Using a left-to-right order is consistent with how Carbon is parsed and executed generally. If there were multiple statements written on the same line, they would also be executed left-to-right.
A key part of toolchain implementation is the ability to canonicalize constant values, including facet types. This means that once resolved, the order of the rewrite constraints must be able to be effectively lost, as different orderings would all result in the same canonical facet type.
After being resolved, a facet type rewrite constraints have two key properties:
When combining two facet types with LHS & RHS we said that the rewrite
constraints of the LHS come before the rewrite constraints of the RHS. Since the
LHS and RHS are each fully resolved before being combined, canonicalization
requires that the rewrite constraints within the LHS and the RHS can be ordered
in arbitrary ways without changing whether a cycle is found.
Assume that we have two orderings such that one produces a cycle, and one does
not. That means we have a branching point from an associated constant, so there
are two rewrite constraints for that same constant, so one must appear on the
LHS and one on the RHS of the & operator. Now their order is fixed, as we have
specified that all rewrite constraints from the LHS come before those from the
RHS. So we will always choose the same constraint when replacing that associated
constant, and consistently find a cycle or not, regardless of how constraints
are ordered within the LHS and RHS facet types.
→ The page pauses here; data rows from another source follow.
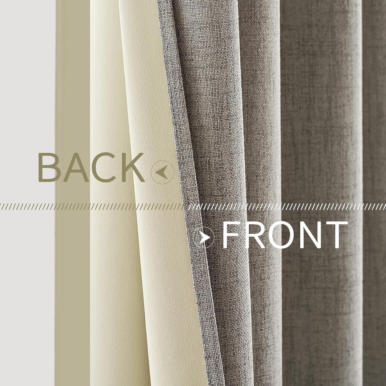 MIULEE Linen Texture Curtains for Bedroom Solid 100% Blackout Thermal Insulated Linen Curtains Grommet Room Darkening Drapes for Living Room Nursery 52x63 Inch (2 Panels)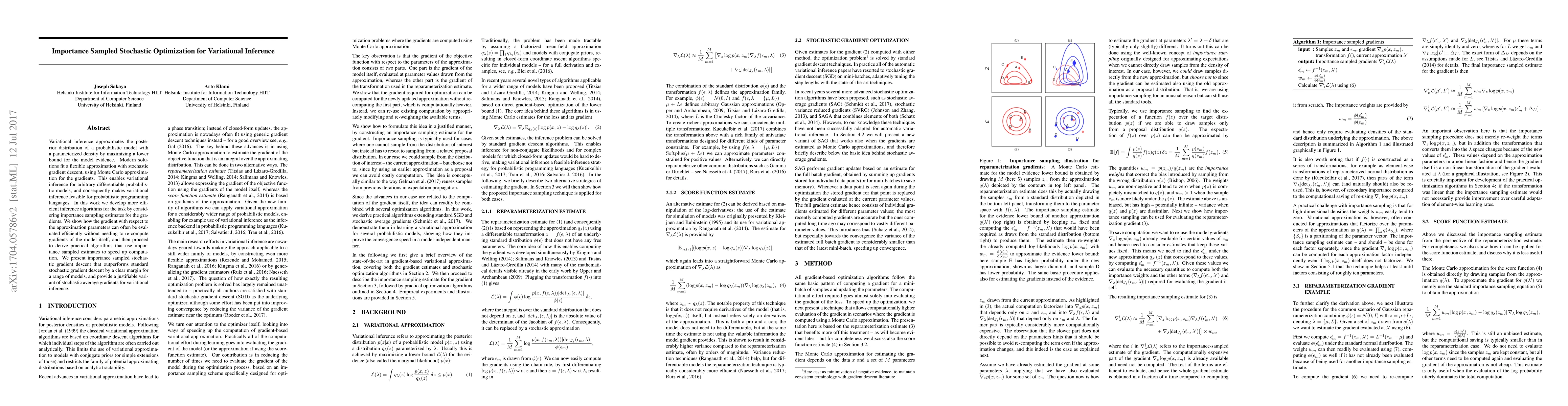 This paper introduces importance sampled stochastic optimization techniques for variational inference, showing that using importance sampling estimates can efficiently compute gradients without recalculating model gradients, leading to improved performance over standard stochastic gradient descent and stochastic average gradients.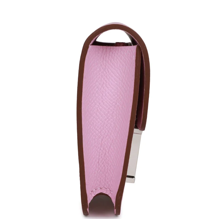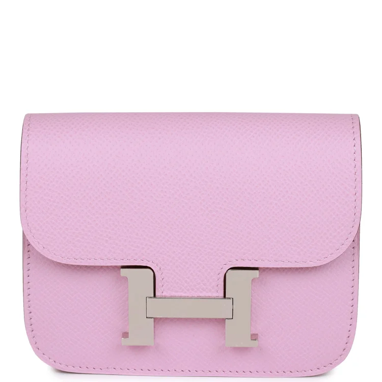 This Hermès Constance Slim Wallet is crafted in elegant Mauve Sylvestre Epsom leather with palladium hardware and features tonal stitching, a rear belt loop, front flap, and a removable coin pouch for added versatility.

This has two possibilities: eagerly finding cycles or eagerly avoiding cycles. In either case, this complicates the toolchain implementation without making the language more expressive. The user can always write constraints in a way that does not produce a cycle in a left-to-right ordering if the constraints are valid.
Eagerly finding cycles produces errors when unnecessary, which seems more hostile than needed. Eagerly avoiding cycles could be seen as being helpful, as we find a way to complete the concrete assignments whenever possible. In that case, given a cycle of rewrite constraints, adding a concrete value for any associated constant in the cycle, written anywhere in the facet type, breaks the cycle. Whereas with left-to-right ordering, the concrete value needs to be the first rewrite constraint for the associated constant.
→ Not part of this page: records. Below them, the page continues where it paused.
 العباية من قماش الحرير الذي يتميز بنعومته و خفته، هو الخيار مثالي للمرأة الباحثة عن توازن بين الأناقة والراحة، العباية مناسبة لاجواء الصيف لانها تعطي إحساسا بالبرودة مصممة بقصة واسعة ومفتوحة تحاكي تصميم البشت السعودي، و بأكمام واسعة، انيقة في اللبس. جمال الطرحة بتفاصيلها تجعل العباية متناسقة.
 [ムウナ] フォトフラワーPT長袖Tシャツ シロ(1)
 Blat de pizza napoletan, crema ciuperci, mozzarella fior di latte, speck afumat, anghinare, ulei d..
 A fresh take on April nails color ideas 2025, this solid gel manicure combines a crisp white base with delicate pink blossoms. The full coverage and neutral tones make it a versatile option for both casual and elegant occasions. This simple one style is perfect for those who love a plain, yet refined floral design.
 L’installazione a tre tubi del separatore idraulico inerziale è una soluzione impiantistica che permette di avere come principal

With eager cycle breaking, this cycle I where .Y = .X and .X = .Y is broken by
adding .X = () anywhere in the facet type:
I where .Y = .X and .X = .Y and .X = (). For a human reading left to right, we
still read a cycle, but have to keep reading to understand why it's not.
With left-to-right cycle breaking, the same expressivity is kept, but the
concrete value must be written before other rewrites of the same associated
constant: I where .Y = .X and .X = () and .X = .Y. Now for a human reading
from left to right, we can read that .Y = () and .X = () and can disregard
other later assignments to .X.
We could choose to diagnose I where .X = () and .X = .Y and .Y = () as a
conflicting assignment to .X, since the RHS of the two assignments are written
differently, even though the resolved value of the RHS can be found to be ()
in both of them.
This is perhaps the simplest rule for humans to understand, but requires maintaining syntactic information throughout the toolchain, complicating the implementation and is at odds with canonicalization.
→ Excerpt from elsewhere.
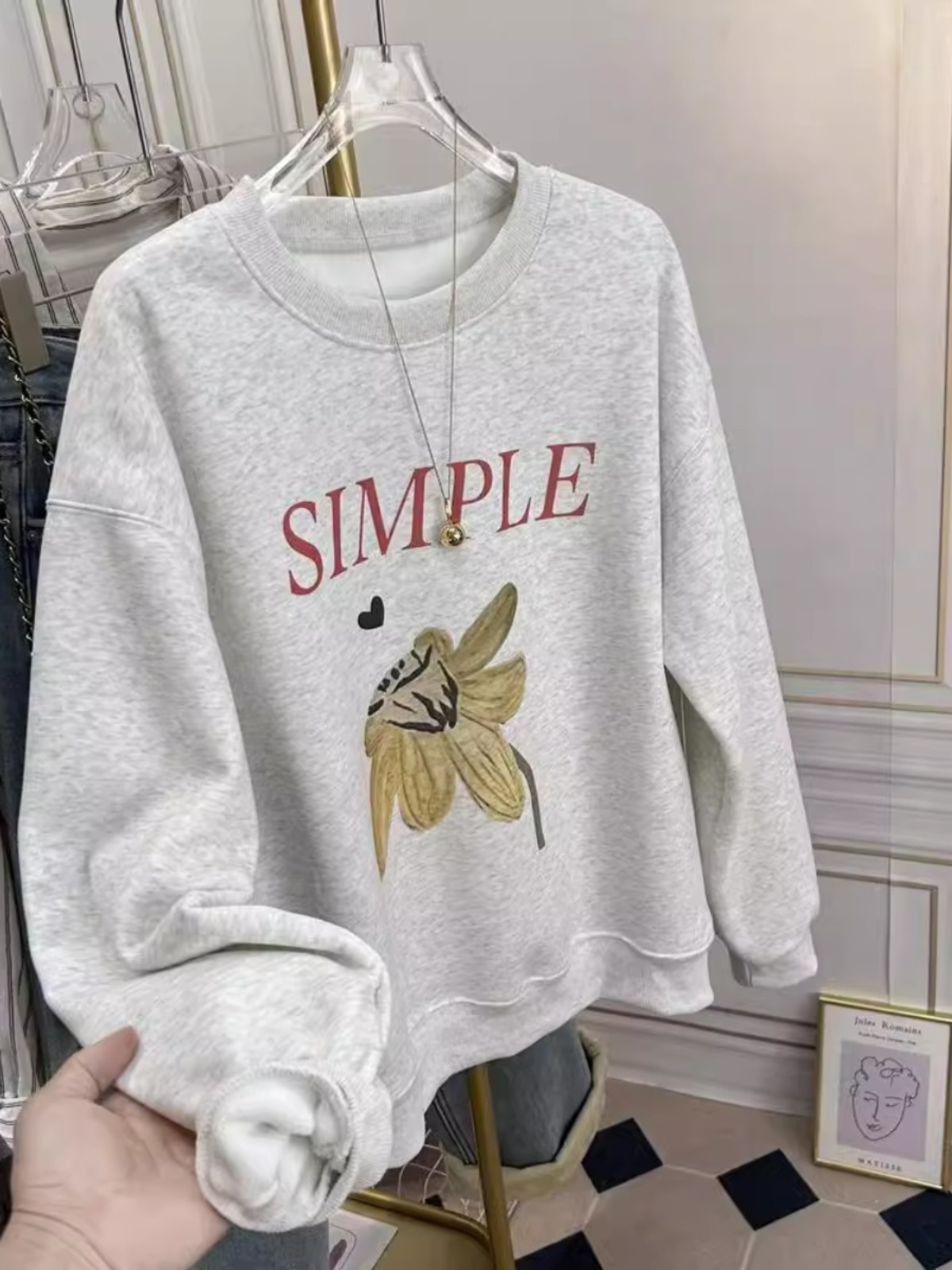 This Year's Popular Beautiful Brushed Hoody Female K-style 2025 Best Selling Western Style Youthful-Looking Loose Crew Neck Inner Spring & Fall

Given the following example:
(I where .X = .Y and .Y = ()) & (I where .X = ())
The combined facet type combines .X = .Y and .X = () which are syntactically
different. But the facet type on either side of the & operator are resolved
and canonicalized. Canonicalization requires that I where .X = .Y and .Y = ()
is the same type as I where .X = () and .Y = (), but when combined with
I where .X = () one violates the syntactic rule and one does not.
Thus we would need to only apply syntactic identity within a single facet type, but use a semantic identity when combining facet types. This makes for a more inconsistent experience and implementation.